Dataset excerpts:
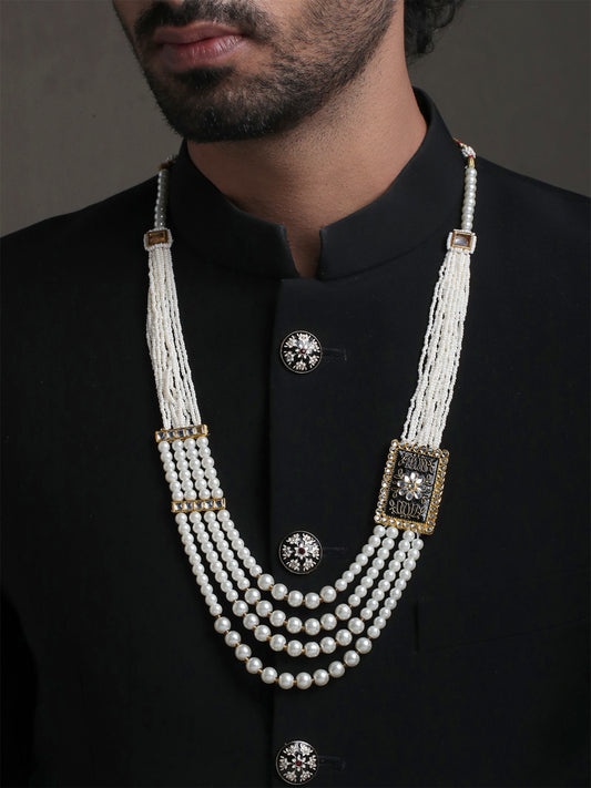 Dulha Mala: Men's Gold Beads Pearl Necklace | Free Size | Wedding Accessory
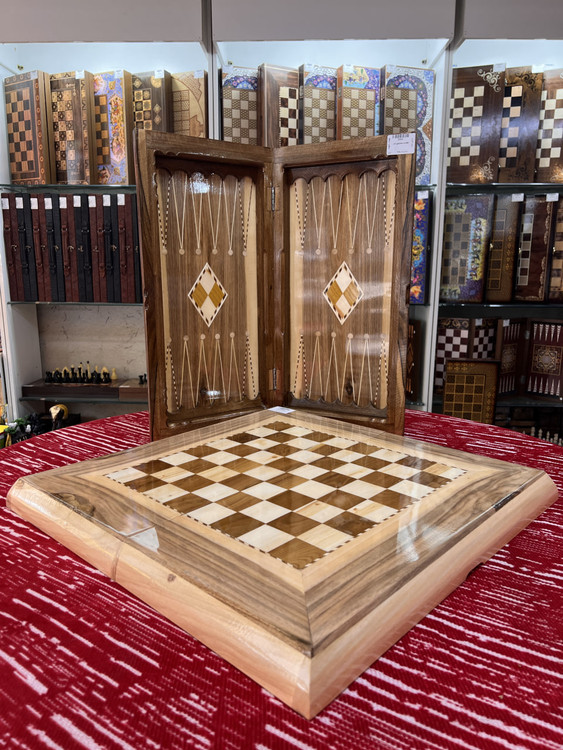 تخته نرد و شطرنج سنندج چوب گردو معرق دست و پلی استر خورده ساده و شیک
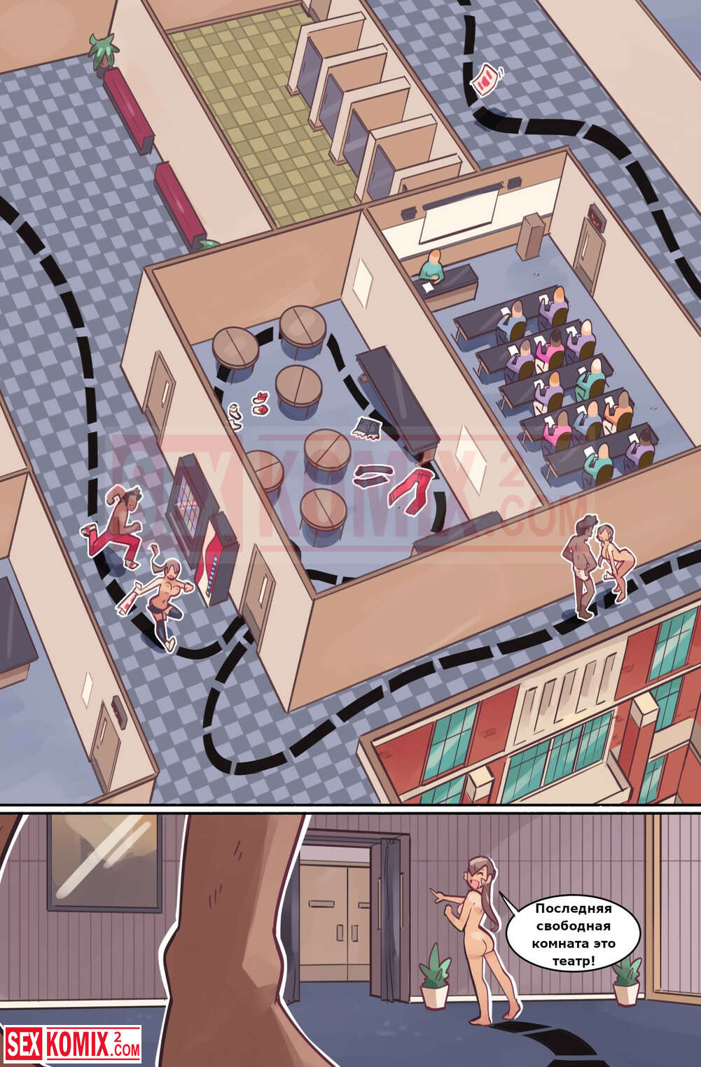 Порно комикс Перерыв в учёбе. Часть 3. Study Break. В классе биологии девушка застала чернокожего парня за мастурбацией, она сняла свои трусики и поманила его за собой. Парень как заворожённый пошел за красоткой.
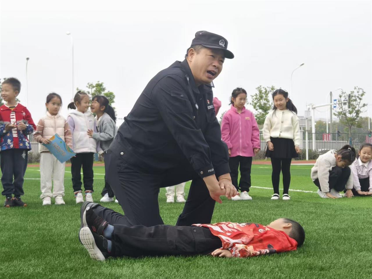 消防员讲解结束后,武汉经开区公安分局沌口派出所民警段永强无缝衔接,开启多维度安全科普。他结合真实案例,围绕防校园事故、交通事故、防一氧化碳中毒、防淹亡等关键领域展开宣讲,用贴近校园生活的场景敲响安全警钟。随后,民警现场演示海姆立克急救法与心肺复苏术,手把手指导同学们模拟操作,互动中让急救知识深入人心。活动尾声,民警还针对校园诈骗风险,发放防诈骗宣传单,进一步织密校园安全防护网。
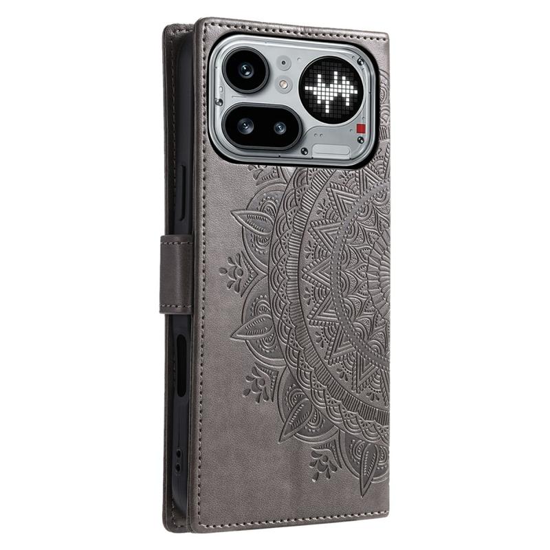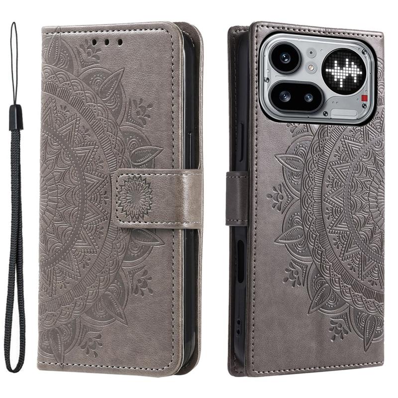 Étui Portefeuille Nothing Phone (4a) Pro Mandala avec dragonne - Gris
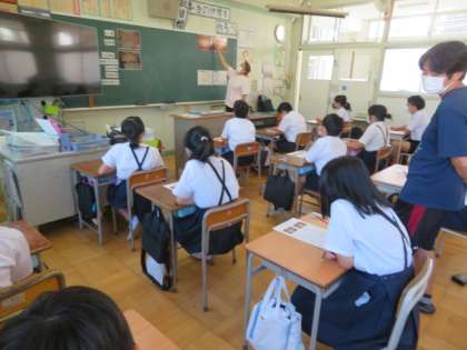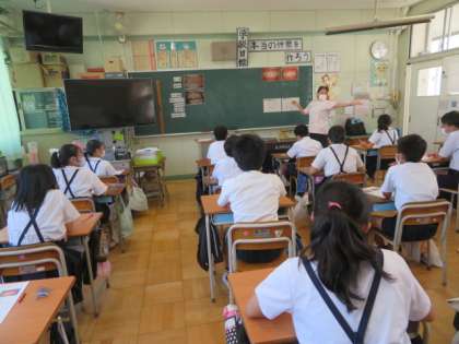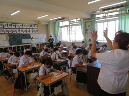 大阪市教育委員会より歯科衛生士が派遣され「歯と口の健康教室」ということで、歯の健康について指導していただきました。
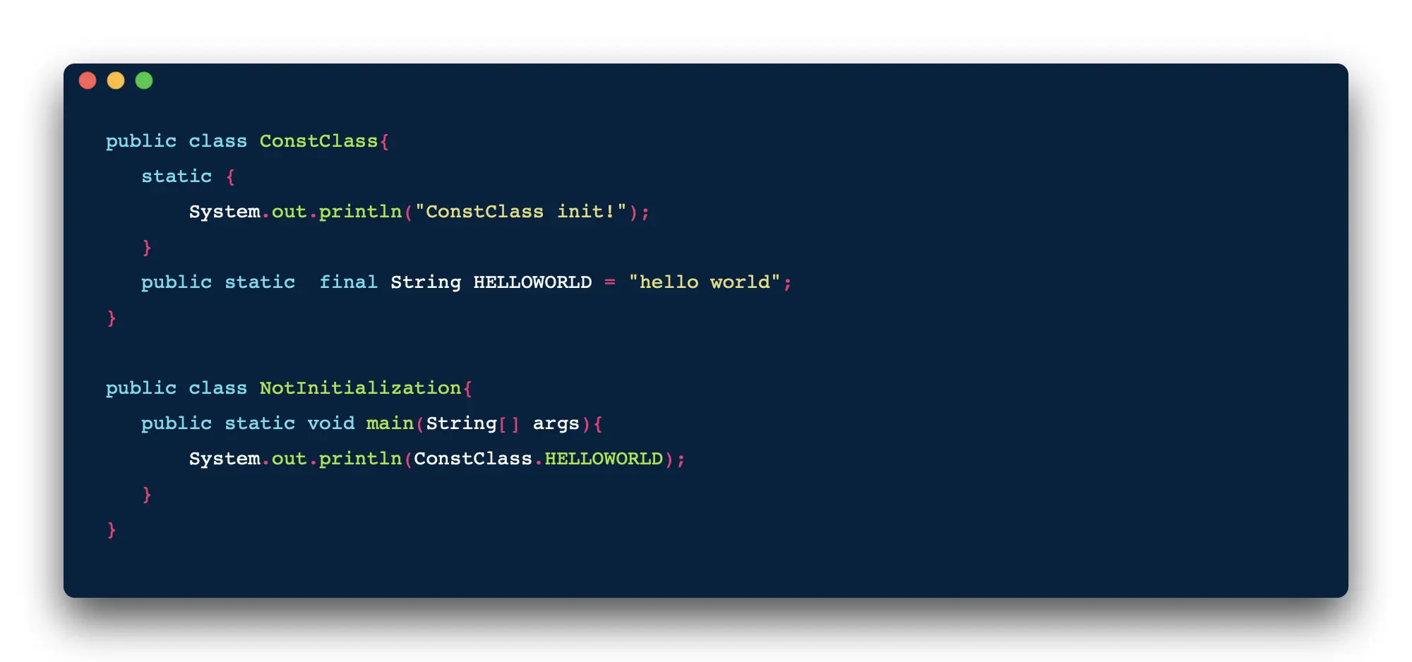 **验证 3: **常量在编译阶段会存入调用类的常量池中,本质上并没有直接引用到定义常量的类,因此不会触发定义常量的类的初始化

• Work item: Leaving pictures out, output the lines of the data above from the one with "Порно комикс Перерыв" through the one with "大阪市教育委員会より歯科衛生", word for word.

• Answer space:
 Порно комикс Перерыв в учёбе. Часть 3. Study Break. В классе биологии девушка застала чернокожего парня за мастурбацией, она сняла свои трусики и поманила его за собой. Парень как заворожённый пошел за красоткой.
 消防员讲解结束后,武汉经开区公安分局沌口派出所民警段永强无缝衔接,开启多维度安全科普。他结合真实案例,围绕防校园事故、交通事故、防一氧化碳中毒、防淹亡等关键领域展开宣讲,用贴近校园生活的场景敲响安全警钟。随后,民警现场演示海姆立克急救法与心肺复苏术,手把手指导同学们模拟操作,互动中让急救知识深入人心。活动尾声,民警还针对校园诈骗风险,发放防诈骗宣传单,进一步织密校园安全防护网。
 Étui Portefeuille Nothing Phone (4a) Pro Mandala avec dragonne - Gris
 大阪市教育委員会より歯科衛生士が派遣され「歯と口の健康教室」ということで、歯の健康について指導していただきました。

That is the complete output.